I have a large tab-separated data table with thousands of rows and dozens of columns and it has missing data marked as "na". For example,
na 0.93 na 0 na 0.51
1 1 na 1 na 1
1 1 na 0.97 na 1
0.92 1 na 1 0.01 0.34
I would like to calculate the mean of each column, but making sure that the missing data are ignored in the calculation. For example, the mean of column 1 should be 0.97. I believe I could use awk but I am not sure how to construct the command to do this for all columns and account for missing data.
All I know how to do is to calculate the mean of a single column but it treats the missing data as 0 rather than leaving it out of the calculation.
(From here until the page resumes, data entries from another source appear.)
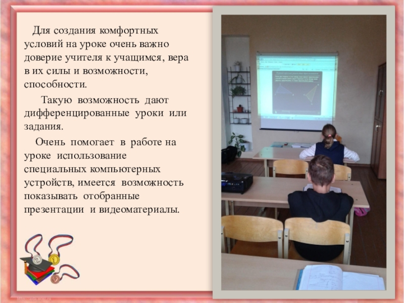 Слайд 19 Для создания комфортных условий на уроке очень важно доверие
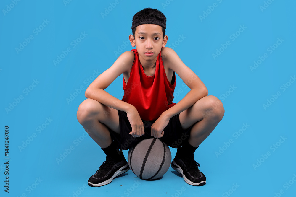 Confident boy player in red jersey sitting down on the ball after practice
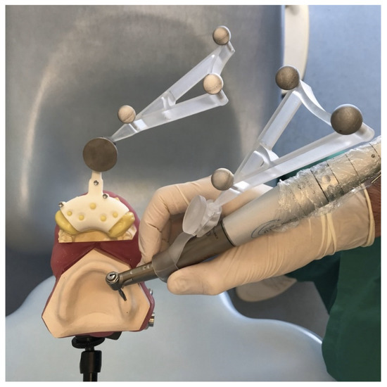 Drilling procedure. The reference tool is positioned on the model’s base and the tracking tools are placed on the reference tool and on the handpiece.
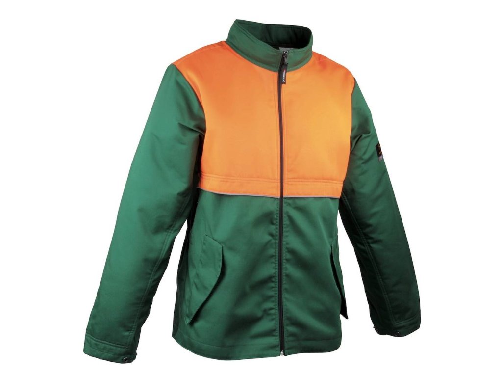 Pracovná neporézna pilčícka bunda značky Cofra s ventilačným systémom na chrbte aj vpredu, vystuženým golierom a ochrannými prvkami na ramenách, rukávoch a hornej časti hrudníka. Má nastaviteľný pás so šnúrkou, manžety na cvoky, fluorescenčné vložky, reflexné prvky a množstvo vreciek. Vhodná ako pilčícka neporézna bunda s ochranou proti prerazniu motorovou pílou.
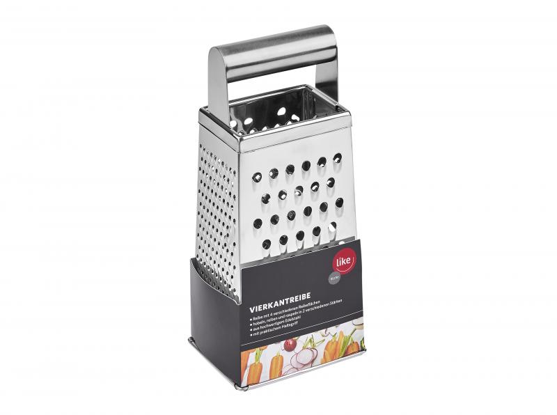Reibe z 4 różnymi powierzchniami do ścierania – szatkowanie, ścieranie i tarkowanie w 2 różnych grubościach, wielofunkcyjna jako tarka do parmezanu, sera, warzyw i ziemniaków, idealna również do owoców, orzechów, gałki muszkatołowej, czekolady i innych, wykonana z wysokiej jakości stali nierdzewnej, z praktycznym uchwytem, około 24 cm wysokości.
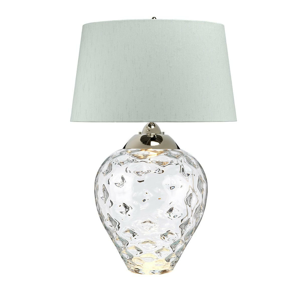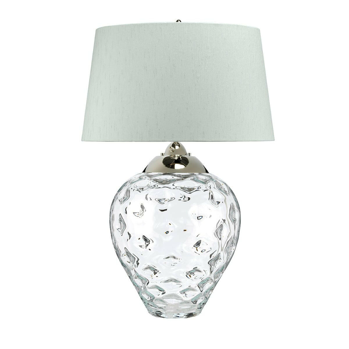 Samara's textured blown glass, classic polished nickel metal-work and beautiful hand-made fabric shades combine to form an arresting and gorgeous table-lamp. Combined with a 4-way switch, this design features independent light sources for the shade and the glass. ( GU10 supplied )
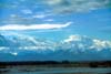 アラスカ山脈には北米最高峰のマッキンリー山南峰(6,194m)を筆頭にマッキンリー山北峰(5,932m)、 フォーレーカー山(5,304m)ハンター山(4,442m)、シルバースローン山(4,029m)、ブルックス山(3,619m)、 デイセプション山(3,605m)、ラッセル山(3,557m)等々の白嶺が雲海を突き抜けて聳えている。 マッキンリー山(デナリ山)
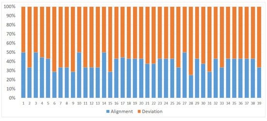 Proportional values of semantic alignment and deviation between ORKG properties and GPT-generated dimensions.
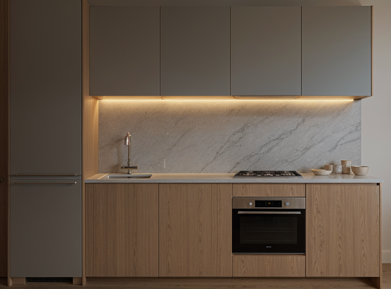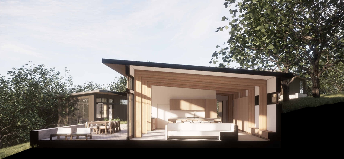 modernist exterior aerial shot of a minimalist home compound nestled in a green wooded landscape the buildings feature dark standing seam metal roofs and natural wood siding contrasted with expansive glass walls the architecture is low and horizontal blending with the terrain while large windows invite views of the surrounding forest the roof overhangs are extended to create generous covered outdoor living areas that frame patios and seating spaces the lighting is soft and natural similar to the attached rendering evoking a calm late afternoon atmosphere sunlight filters through the trees casting delicate shadows across the roofs and terraces the mood is serene and elegant highlighting the connection between modern design and the quiet natural environment
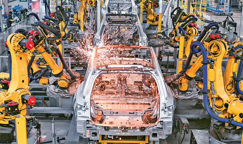 加快發(fā)展新質(zhì)生產(chǎn)力,要推動數(shù)字技術(shù)在先進(jìn)制造業(yè)中的應(yīng)用擴(kuò)散,形成兩者之間相互支撐、相互促進(jìn)的良性循環(huán)。圖為2024年1月10日,在理想汽車常州基地車間,機(jī)械手臂在進(jìn)行焊接作業(yè)。 新華社記者 季春鵬/攝 發(fā)展新質(zhì)生產(chǎn)力要形成新動能。科技創(chuàng)新、產(chǎn)業(yè)創(chuàng)新、企業(yè)創(chuàng)新、市場創(chuàng)新、產(chǎn)品創(chuàng)新、業(yè)態(tài)創(chuàng)新、管理創(chuàng)新等各領(lǐng)域的創(chuàng)新,以及這些創(chuàng)新成果在更大范圍內(nèi)的擴(kuò)散應(yīng)用,共同構(gòu)成了支撐高質(zhì)量發(fā)展的新動能,是新質(zhì)生產(chǎn)力的整體呈現(xiàn)。根據(jù)國家統(tǒng)計(jì)局?jǐn)?shù)據(jù),2022年,我國以新產(chǎn)業(yè)、新業(yè)態(tài)、新商業(yè)模式為核心內(nèi)容的“三新”經(jīng)濟(jì)增加值為210084億元,相當(dāng)于國內(nèi)生產(chǎn)總值的比重為17.36%。2023年全年,規(guī)模以上工業(yè)中裝備制造業(yè)增加值比上年增長6.8%,占規(guī)模以上工業(yè)增加值比重為33.6%;高技術(shù)制造業(yè)增加值增長2.7%,占規(guī)模以上工業(yè)增加值比重為15.7%。新能源汽車產(chǎn)量944.3萬輛,比上年增長30.3%;太陽能電池(光伏電池)產(chǎn)量5.4億千瓦,增長54.0%;服務(wù)機(jī)器人產(chǎn)量783.3萬套,增長23.3%;3D打印設(shè)備產(chǎn)量278.9萬臺,增長36.2%。規(guī)模以上服務(wù)業(yè)中,戰(zhàn)略性新興服務(wù)業(yè)企業(yè)營業(yè)收入比上年增長7.7%。總的看,我國新動能正持續(xù)成長壯大,成為推動高質(zhì)量發(fā)展的重要動力源。 三、加快發(fā)展新質(zhì)生產(chǎn)力,要抓好改造提升傳統(tǒng)產(chǎn)業(yè)、培育壯大新興產(chǎn)業(yè)、超前布局建設(shè)未來產(chǎn)業(yè) 現(xiàn)代化產(chǎn)業(yè)體系是現(xiàn)代化國家的物質(zhì)技術(shù)基礎(chǔ)。習(xí)近平總書記強(qiáng)調(diào):“要及時將科技創(chuàng)新成果應(yīng)用到具體產(chǎn)業(yè)和產(chǎn)業(yè)鏈上,改造提升傳統(tǒng)產(chǎn)業(yè),培育壯大新興產(chǎn)業(yè),超前布局建設(shè)未來產(chǎn)業(yè),加快構(gòu)建以先進(jìn)制造業(yè)為支撐的現(xiàn)代化產(chǎn)業(yè)體系。”這一重要論述指明了加快發(fā)展新質(zhì)生產(chǎn)力的基本路徑。 改造提升傳統(tǒng)產(chǎn)業(yè)。一是推動邁向價值鏈中高端。深入實(shí)施制造業(yè)重大技術(shù)改造升級和大規(guī)模設(shè)備更新工程,加快先進(jìn)適用技術(shù)推廣應(yīng)用。鼓勵面向傳統(tǒng)制造業(yè)重點(diǎn)領(lǐng)域開展關(guān)鍵共性技術(shù)研究和產(chǎn)業(yè)化應(yīng)用示范。完善科技成果信息發(fā)布和共享機(jī)制。推動傳統(tǒng)制造業(yè)優(yōu)勢領(lǐng)域鍛長板,推進(jìn)強(qiáng)鏈延鏈補(bǔ)鏈,加強(qiáng)新技術(shù)新產(chǎn)品創(chuàng)新迭代。支持企業(yè)聚焦基礎(chǔ)零部件、基礎(chǔ)元器件、基礎(chǔ)材料、基礎(chǔ)軟件、基礎(chǔ)工藝和產(chǎn)業(yè)技術(shù)基礎(chǔ)等薄弱領(lǐng)域,加快攻關(guān)突破和產(chǎn)業(yè)化應(yīng)用,強(qiáng)化傳統(tǒng)制造業(yè)基礎(chǔ)支撐體系。實(shí)施卓越質(zhì)量工程。二是加快數(shù)字化、網(wǎng)絡(luò)化、智能化改造。促進(jìn)人工智能、大數(shù)據(jù)等技術(shù)與制造全過程、全要素深度融合,利用數(shù)字技術(shù)對傳統(tǒng)產(chǎn)業(yè)進(jìn)行全方位、全鏈條改造,推動產(chǎn)業(yè)數(shù)字化。支持重點(diǎn)行業(yè)建設(shè)“產(chǎn)業(yè)大腦”,匯聚行業(yè)數(shù)據(jù)資源,推廣共性應(yīng)用場景,服務(wù)全行業(yè)轉(zhuǎn)型升級和治理能力提升。三是強(qiáng)化綠色低碳發(fā)展。加快綠色科技創(chuàng)新和先進(jìn)綠色技術(shù)推廣應(yīng)用,做強(qiáng)綠色制造業(yè),發(fā)展綠色服務(wù)業(yè),壯大綠色能源產(chǎn)業(yè),發(fā)展綠色低碳產(chǎn)業(yè)和供應(yīng)鏈,構(gòu)建綠色低碳循環(huán)經(jīng)濟(jì)體系。制修訂一批低碳、節(jié)能、節(jié)水、資源綜合利用、綠色制造等重點(diǎn)領(lǐng)域標(biāo)準(zhǔn),促進(jìn)資源節(jié)約和材料合理應(yīng)用。持續(xù)優(yōu)化支持綠色低碳發(fā)展的經(jīng)濟(jì)政策工具箱,發(fā)揮綠色金融的牽引作用,打造高效生態(tài)綠色產(chǎn)業(yè)集群。 培育壯大新興產(chǎn)業(yè)。一是強(qiáng)化市場引領(lǐng)作用。加快全國統(tǒng)一大市場建設(shè),著力破除各種形式的地方保護(hù)和市場分割,充分發(fā)揮我國超大規(guī)模國內(nèi)市場優(yōu)勢,持續(xù)擴(kuò)大新興產(chǎn)業(yè)市場空間、豐富應(yīng)用場景,加速新興產(chǎn)業(yè)規(guī)模擴(kuò)容和技術(shù)迭代,推動更多新興產(chǎn)業(yè)發(fā)展壯大為支柱產(chǎn)業(yè)。抓住新能源汽車、鋰電池等新產(chǎn)品快速發(fā)展的有利時機(jī),推動構(gòu)建品牌引領(lǐng)、創(chuàng)新發(fā)展的新的全球產(chǎn)業(yè)鏈。二是加快發(fā)展先進(jìn)制造業(yè)。加快推動數(shù)字技術(shù)在先進(jìn)制造業(yè)中的應(yīng)用擴(kuò)散,形成兩者之間相互支撐、相互促進(jìn)的良性循環(huán)。深入實(shí)施先進(jìn)制造業(yè)集群發(fā)展專項(xiàng)行動,
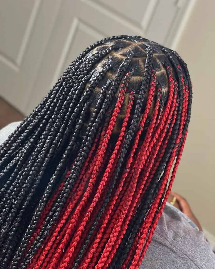 Braids beautifully highlight black hair with red underneath, showcasing the peekaboo color in an intriguing, woven pattern. Whether you choose classic braids, box braids, or a chic fishtail style, your hidden red color emerges in flashes, adding intrigue to your everyday look.
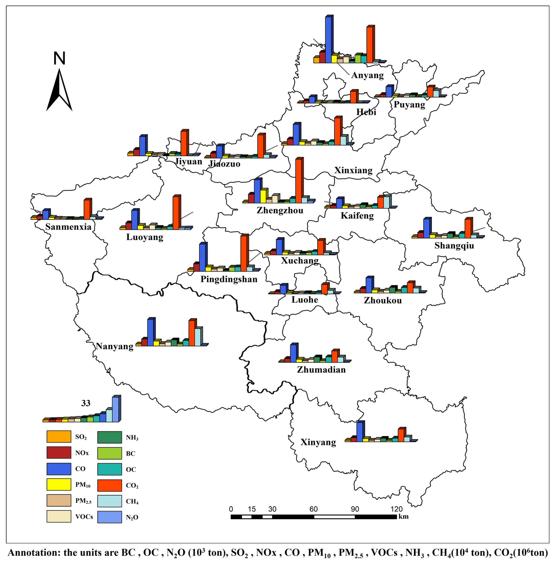 In 2022, the emissions of major species in Henan Province were: SO2 408.7 kt (−43 %, 44 %), NOx at 1336.2 kt (−29 %, 29 %), CO at 4647.3 kt (−46 %, 46 %), PM10 at 901.1 kt (−51 %, 48 %), PM2.5 at 440.0 kt (−44 %, 45 %), VOCs at 759.3 kt (−56 %, 55 %), NH3 at 672.7 kt (−54 %, 52 %), CO2 at 540 462.0 kt (−42 %, 42 %), CH4 at 12 462.0 kt (−38 %, 39 %), and N2O at 42.9 kt (−64 %, 58 %). With industry, electricity and thermal power, mobile source and oil storage and transportation, and agriculture as the primary emission source. Pollutants and GHGs exhibited distinct spatial distribution patterns: the northern heavy industrial region was characterized by both high carbon intensity and elevated pollution levels, with carbon intensity ranging from 1.75 to 3.7 times the provincial average; the central transportation hub was dominated by NOx and VOCs emissions; the western energy-chemical region showed prominent SO2 emission; the southern agricultural region was primarily influenced by NH3 emission and exhibited low carbon emission; and the eastern multifunctional region displayed a multi-source coexistence pattern.
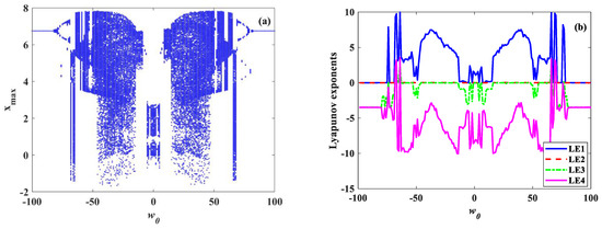 Fixing the parameters a = 2, b = 10, c = 3, h = 18, α = 2, and β = 0.09, w(0) from −100 to 100 with a step size of 1, and the initial values set as [0.1, 3, 2, w(0)], the bifurcation diagram is shown in Figure 9a, and its corresponding LE result is illustrated in Figure 9b. From Figure 9, we can see that the system has complex chaotic characteristics, and the phenomenon of coexisting attractors appears. When parameter , System (5) shows a periodic state. When , System (5) is in a chaotic state, and a periodic state appears alternately. When System (5) is in a periodic state, the maximum LE is 0. When System (5) is in a chaotic state, the largest LEs are positive, as shown in Figure 9b.

awk '{sum+=$1} END {print sum/NR}' filename

This is obscure, but works for your example
awk '{for(i=1; i<=NF; i++){sum[i] += $i; if($i != "na"){count[i]+=1}}} END {for(i=1; i<=NF; i++){if(count[i]!=0){v = sum[i]/count[i]}else{v = 0}; if(i<NF){printf "%f\t",v}else{print v}}}' input.txt
EDIT:
Here is how it works:
awk '{for(i=1; i<=NF; i++){ #for each column
sum[i] += $i; #add the sum to the "sum" array
if($i != "na"){ #if value is not "na"
count[i]+=1} #increment the column "count"
} #endif
} #endfor
END { #at the end
for(i=1; i<=NF; i++){ #for each column
if(count[i]!=0){ #if the column count is not 0
v = sum[i]/count[i] #then calculate the column mean (here represented with "v")
}else{ #else (if column count is 0)
v = 0 #then let mean be 0 (note: you can set this to be "na")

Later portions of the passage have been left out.